Take the line containing "Create a chic" and every line after it to the end of the records, and copy them exactly, excluding pictures.

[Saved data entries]
------------------------

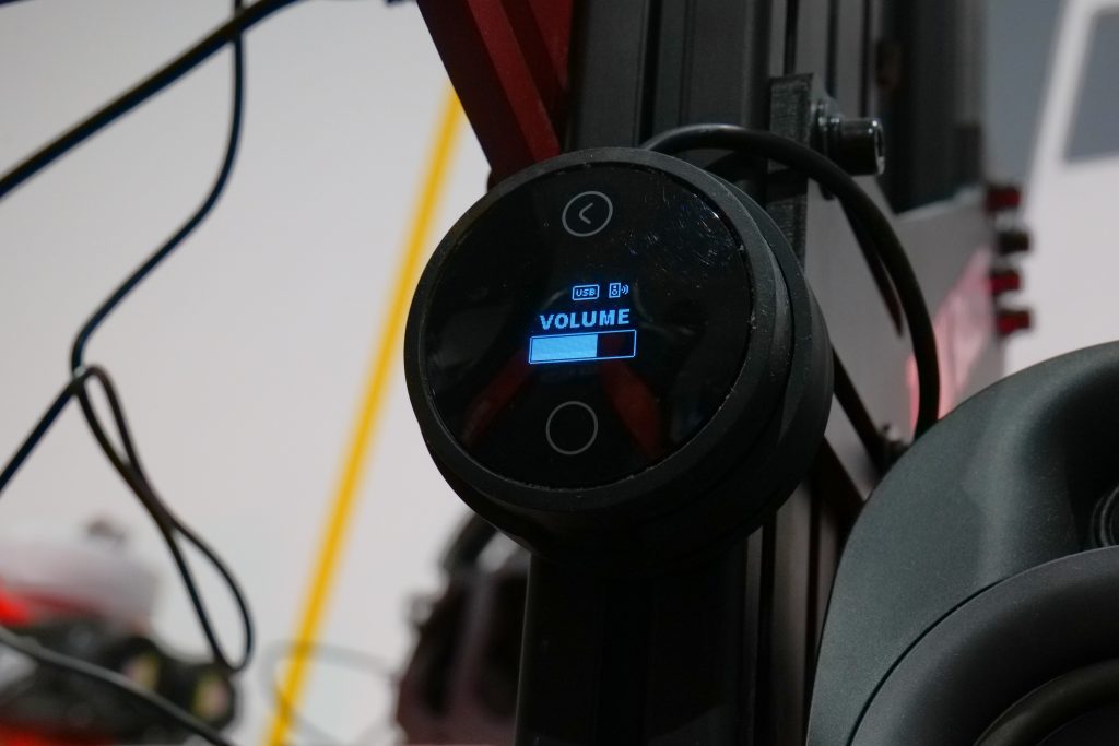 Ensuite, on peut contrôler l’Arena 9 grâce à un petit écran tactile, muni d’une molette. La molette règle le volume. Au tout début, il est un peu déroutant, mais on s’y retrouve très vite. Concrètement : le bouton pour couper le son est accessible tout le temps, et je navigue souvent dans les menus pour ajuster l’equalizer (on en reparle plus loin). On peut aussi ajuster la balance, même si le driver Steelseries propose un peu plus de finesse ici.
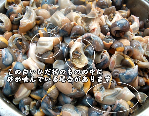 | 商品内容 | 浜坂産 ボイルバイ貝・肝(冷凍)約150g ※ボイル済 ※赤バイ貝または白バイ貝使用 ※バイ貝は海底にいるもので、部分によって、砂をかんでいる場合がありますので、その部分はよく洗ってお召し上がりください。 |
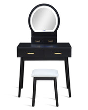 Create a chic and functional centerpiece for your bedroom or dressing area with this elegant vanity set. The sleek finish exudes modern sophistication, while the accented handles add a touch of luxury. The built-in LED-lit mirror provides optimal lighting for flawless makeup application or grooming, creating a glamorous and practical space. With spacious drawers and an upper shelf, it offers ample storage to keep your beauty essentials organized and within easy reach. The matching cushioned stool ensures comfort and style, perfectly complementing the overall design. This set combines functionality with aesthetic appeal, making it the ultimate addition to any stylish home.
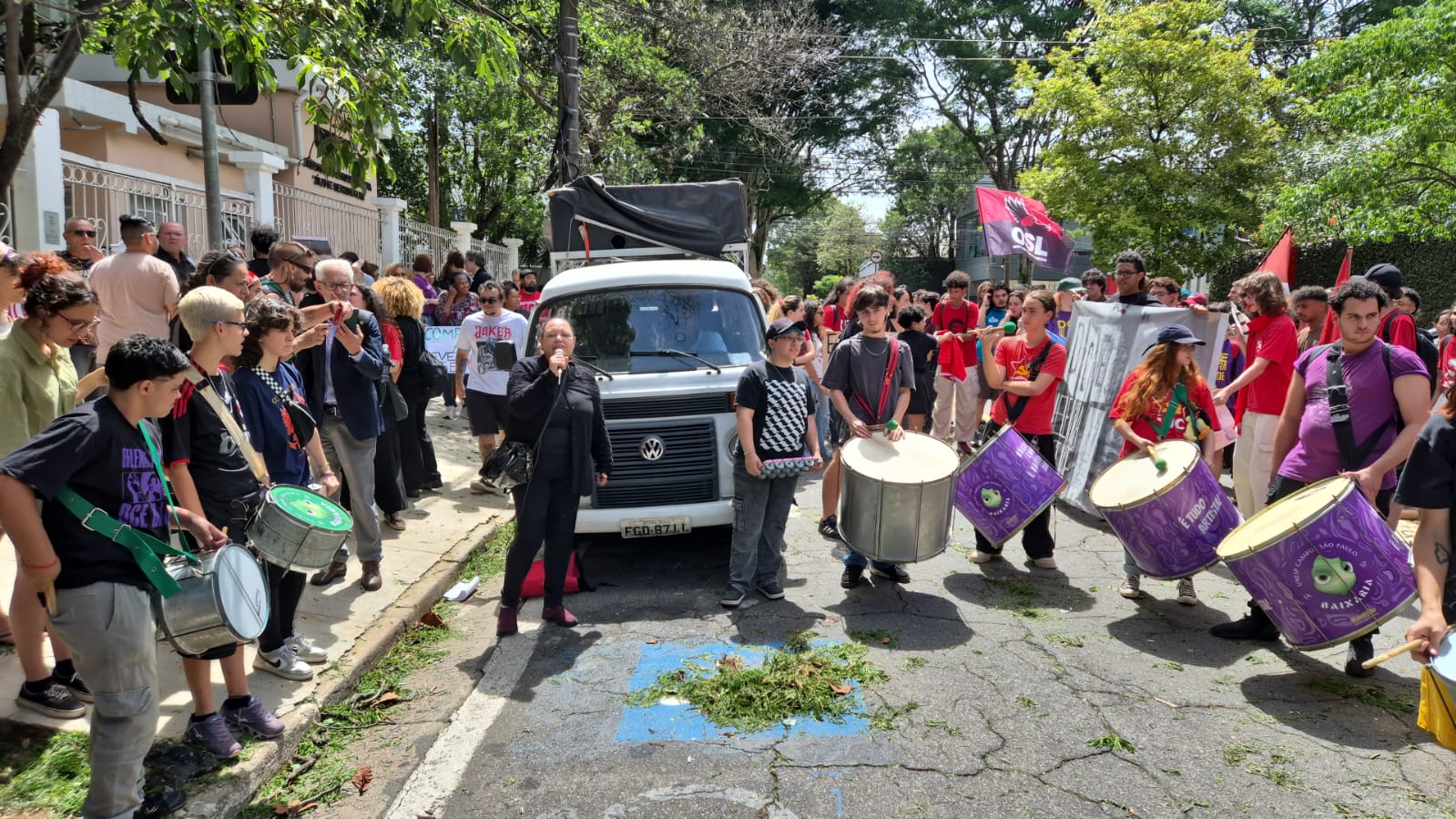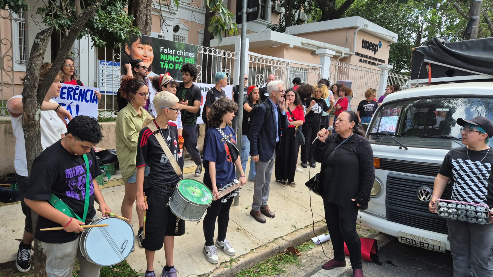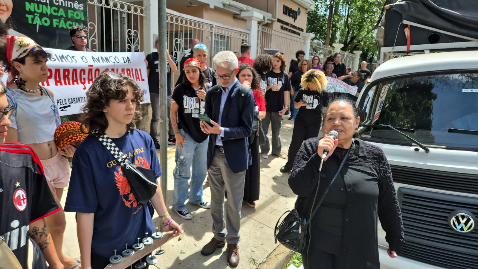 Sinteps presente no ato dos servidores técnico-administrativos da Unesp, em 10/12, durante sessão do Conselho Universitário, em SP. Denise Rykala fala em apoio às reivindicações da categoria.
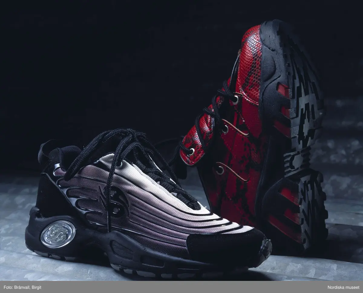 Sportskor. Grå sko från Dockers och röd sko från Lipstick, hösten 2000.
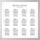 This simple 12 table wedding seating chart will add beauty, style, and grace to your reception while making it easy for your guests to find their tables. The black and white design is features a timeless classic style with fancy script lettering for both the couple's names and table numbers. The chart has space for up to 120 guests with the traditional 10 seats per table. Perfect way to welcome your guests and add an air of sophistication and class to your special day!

------------------------

**SOLUTION**.
 Create a chic and functional centerpiece for your bedroom or dressing area with this elegant vanity set. The sleek finish exudes modern sophistication, while the accented handles add a touch of luxury. The built-in LED-lit mirror provides optimal lighting for flawless makeup application or grooming, creating a glamorous and practical space. With spacious drawers and an upper shelf, it offers ample storage to keep your beauty essentials organized and within easy reach. The matching cushioned stool ensures comfort and style, perfectly complementing the overall design. This set combines functionality with aesthetic appeal, making it the ultimate addition to any stylish home.
 Sinteps presente no ato dos servidores técnico-administrativos da Unesp, em 10/12, durante sessão do Conselho Universitário, em SP. Denise Rykala fala em apoio às reivindicações da categoria.
 Sportskor. Grå sko från Dockers och röd sko från Lipstick, hösten 2000.
 This simple 12 table wedding seating chart will add beauty, style, and grace to your reception while making it easy for your guests to find their tables. The black and white design is features a timeless classic style with fancy script lettering for both the couple's names and table numbers. The chart has space for up to 120 guests with the traditional 10 seats per table. Perfect way to welcome your guests and add an air of sophistication and class to your special day!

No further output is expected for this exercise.